The Relationship of Motivators and Barriers to Exercise Adherence in the Older Adult at an Assisted Living Facility

Thursday, 15 July 2010: 3:45 PM

Maureen, C. Roller, DNP, ANP-BC
School of Nursing, Adelphi University, Garden City, NY

Learning Objective 1: understand the relationship of motivators and barriers to exercise adherence in the older adult at an assisted living facility.

Learning Objective 2: understand the variables of adherence of the older adult an exercise program during a 12-week period.


According to the Centers for Disease Control and Prevention (CDC), falling is a frequent occurrence in older adults above the age of 65 (Stevens, 2007). Promoting regular exercise in older adults has important health implications related to fall prevention. Assisting this population to adhere to an exercise program can help to prevent disability and disease, maintain and improve function and improve quality of life (Resnick, 2001). Exercise is a health behavior promoting well-being and is a mandate of Healthy People 2010.
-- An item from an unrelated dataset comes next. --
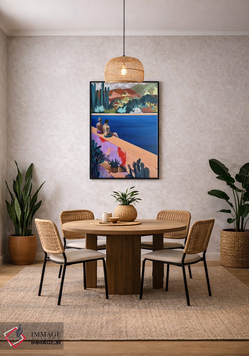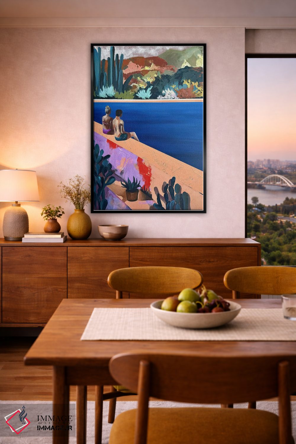این اثر با عنوان «منظره در ساعت ۶: ۴۵ عصر» اثرِ «کسنیا رای» فضا را روایتدارتر و زندهتر کند؛ برای فضای پذیرایی انتخابی خوشسلیقه است. فضا را شلوغ نمیکند؛ فقط روایت اضافه میکند.

The purpose of this descriptive, correlation study was to examine the relationship between motivators and barriers to exercise adherence in older adults at an assisted living facility during a 12-week period.

This study utilized the Pender Health Promotion Model to encourage individuals to take an active role in health behaviors and promote well-being. The model reflects the belief that individuals are capable of change and can influence their health (Pender, 1996). Nurse practitioners have a pivotal role in leadership and incorporating the findings of research of health promotion into clinical practice and community programs (Pender, 2006).

This study included subjects above the age of 65 who were able to participate in an exercise program (N=55). The instrument utilized was the Physical Fitness and Exercise Activity Levels of Older Adults Scale (Melillo, Futrell, Williamson & Chamberlain, 1997).

The outcome of the study clearly indicated that emphasis on positive motivators and minimizing barriers to access an exercise program may impact older adults’ exercise adherence. Weekly adherence was close to 50% yet completing the 12-week program was limited by illness in this population.

Exercise adherence is an important health promotion activity for the older adult to maintain independence. Nursing implications include nurses encouraging exercise adherence in their clinical practice which may decrease falls and improve the quality of life of their clients.